Created on 11-24-2015 12:49 AM
Spark SQL comes with a nice feature called: "JDBC to other Databases", but, it practice, it's JDBC federation feature.
"It can be used to create data frames from jdbc databases using scala/python, but it also works directly with Spark SQL Thrift server and allow us to query external JDBC tables seamless like other hive/spark tables."
Example below using sandbox 2.3.2 and spark 1.5.1 TP (https://hortonworks.com/hadoop-tutorial/apache-spark-1-5-1-technical-preview-with-hdp-2-3/).
This feature works with spark-submit, spark-shell, zeppelin, spark-sql client and spark sql thift server. In this post two examples: #1 using spark-sql thrift server, #2 using spark-shell.
Example #1 using Spark SQL Thrift Server
1- Run Spark SQL Thrift Server with mysql jdbc driver:
sudo -u spark /usr/hdp/2.3.2.1-12/spark/sbin/start-thriftserver.sh --hiveconf hive.server2.thrift.port=10010 --jars "/usr/share/java/mysql-connector-java.jar"

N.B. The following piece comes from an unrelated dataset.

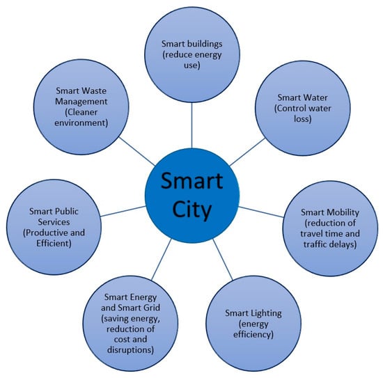 According to Bakici et al. (2012), a “smart city is a high-tech intensive and advanced city that connects people, information, and city elements using new technologies in order to create a sustainable greener city, a competitive and innovative commerce, and an increased life quality” [3]. Many application areas for sustainable development in smart cities were referred to above. Sustainability could be achieved in any of these areas. Consolidating supportable advancement and urbanization issues, regions of reasonable urban areas can employ enthusiasm, training, strategy making, and organizations, an intrigue shown in all parts of society. In the scholarly world, it can be seen in journals, college instructions, and projects particularly dedicated to tending to reasonable urban improvement. People responsible for approaching the apparent requirements for maintaining capable urban improvement can be found in worldwide discussions, sanctions, and associations, in national projects and focuses, and also in neighborhood far-reaching designs and natural projects [38]. Sustainable development was also defined by researchers as “achieving a balance between the development of the urban areas and protection of the environment with an eye to equity in income, employment, shelter, basic services, social infrastructure, and transportation in the urban areas” [39]. Moreover, alongside sustainable development, researchers stated a city as being smart “if its conditions of production do not destroy over time the conditions of its reproduction” [40].

2- Open beeline and connect to Spark SQL Thrift Server:
beeline -u "jdbc:hive2://localhost:10010/default" -n admin
3- Create a jdbc federated table pointing to existing mysql database, using beeline:
CREATE TABLE mysql_federated_sample USING org.apache.spark.sql.jdbc OPTIONS ( driver "com.mysql.jdbc.Driver", url "jdbc:mysql://localhost/hive?user=hive&password=hive", dbtable "TBLS" ); describe mysql_federated_sample; select * from mysql_federated_sample; select count(1) from mysql_federated_sample;
Example #2 using Spark shell, scala code and data frames:
1- Open spark-shell with mysql jdbc driver
spark-shell --jars "/usr/share/java/mysql-connector-java.jar"

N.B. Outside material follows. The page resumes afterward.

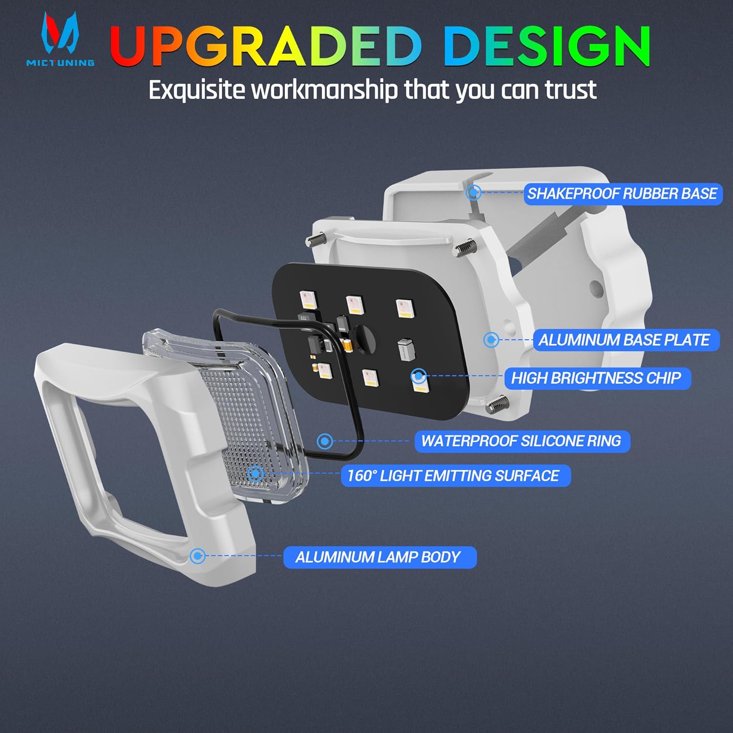 - MICTUNING Brand New White Housing C2 MAX Rock Lights - Since 2013, MICTUNING has been committed to the research and development of LED rock light, and become the market pioneer and leader. In 2020, we designed and launched a purest and brightest C2 rock light, which was deeply loved and respected by customers. After 3 years of innovative research, in 2023 we added dynamic DIY function on the basis of C2, and newly launched this RGB+IC C2 Dynamic Color Rock Lights

2- Create a data frame pointing to mysql table
val jdbcDF = sqlContext.read.format("jdbc").options( Map( "driver" -> "com.mysql.jdbc.Driver", "url" -> "jdbc:mysql://localhost/hive?user=hive&password=hive", "dbtable" -> "TBLS" ) ).load() jdbcDF.show
See other spark jdbc examples / troubleshooting here:
https://community.hortonworks.com/questions/1942/spark-to-phoenix.html
Created on 08-03-2016 07:20 PM
@Guilherme Braccialli but Spark thrift server listens through port 10015, and I think if you connect through 10000, then it’s HiveServer2 thrift server. Maybe I’m missing something, it may be helpful if we can discuss this
Created on 08-03-2016 07:20 PM
but Spark thrift server listens through port 10015, and I think if you connect through 10000, then it’s HiveServer2 thrift server. Maybe I’m missing something, it may be helpful if we can discuss this
Created on 08-23-2016 07:35 AM
@kishore sanchina I'm this example I started Spark thrift server on port 10010 and connected using beeline to same port. You can use default port 10015 instead.